Re: what if I am already doing the best i can?

Posted: January 12th, 2021, 6:16 pm
by oak
Well said.

Please do keep us updated as to your progress in the coming week.

Re: what if I am already doing the best i can?

Posted: January 13th, 2021, 11:08 am
by manuel_moe_g
Exercise in self-compassion:

imagining my current-self hugging my younger-self, and saying "it is alright, i know life is hard when you have so many challenges"

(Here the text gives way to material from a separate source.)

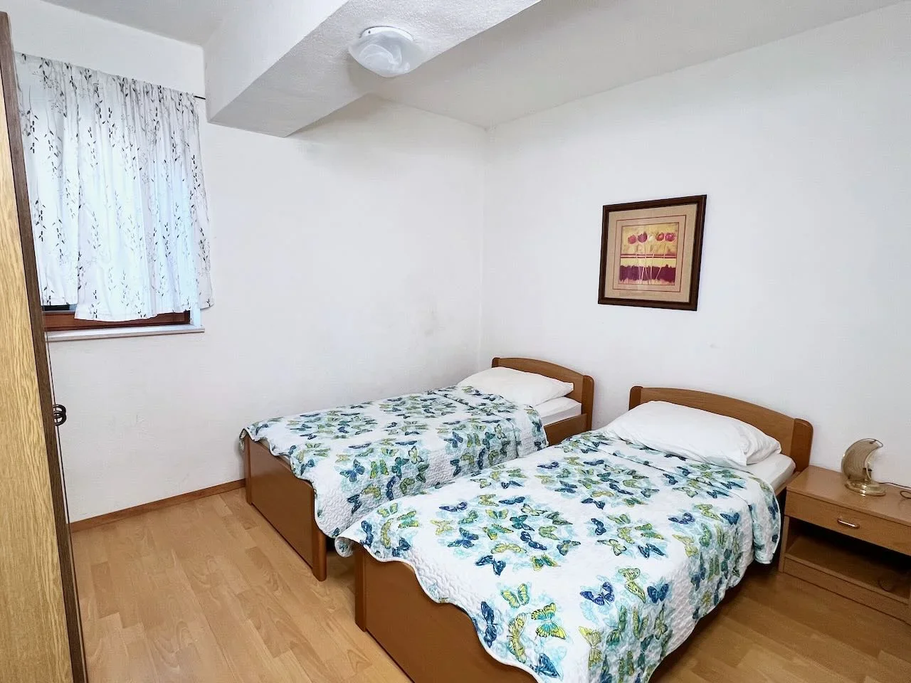 Jedna spavaća soba opremljena je udobnim bračnim krevetom 160 × 200 cm, dok se u drugoj nalaze dva odvojena kreveta 90 × 200 cm.

Exercise in manifesting more Super-Choices:

imagining my current-self and my younger-self holding hands, saying in a prayerful way "i manifest Super-Choices in my life"

Exercise in lessening depression:

walking straighter, head tilted more up

Re: what if I am already doing the best i can?

Posted: January 13th, 2021, 5:35 pm
by manuel_moe_g
it is one thing to say, it is another thing to do

today wasn't as productive as i would have liked

be compassionate with myself

Re: what if I am already doing the best i can?

Posted: January 14th, 2021, 10:38 am
by manuel_moe_g
so easy to lose the thread of mindfulness

slow down

good time to take a walk

forgive yourself

use self-compassion exercise

Re: what if I am already doing the best i can?

Posted: January 15th, 2021, 9:16 am
by manuel_moe_g
using "Super-Choice" as my trigger, I am amazed how difficult it is to keep it in the forefront of my mind.

So easy to slip into deep grooves of habitual action.

Self-compassion.

Re: what if I am already doing the best i can?

Posted: January 16th, 2021, 11:00 am
by oak
Just hang on, Manuel Moe:

You have a good plan
You have the support of your therapist and us, here
You have all of your innate qualities: your motivation and desire to improve.

That’s a lot.

Just hang in there for the rest of today.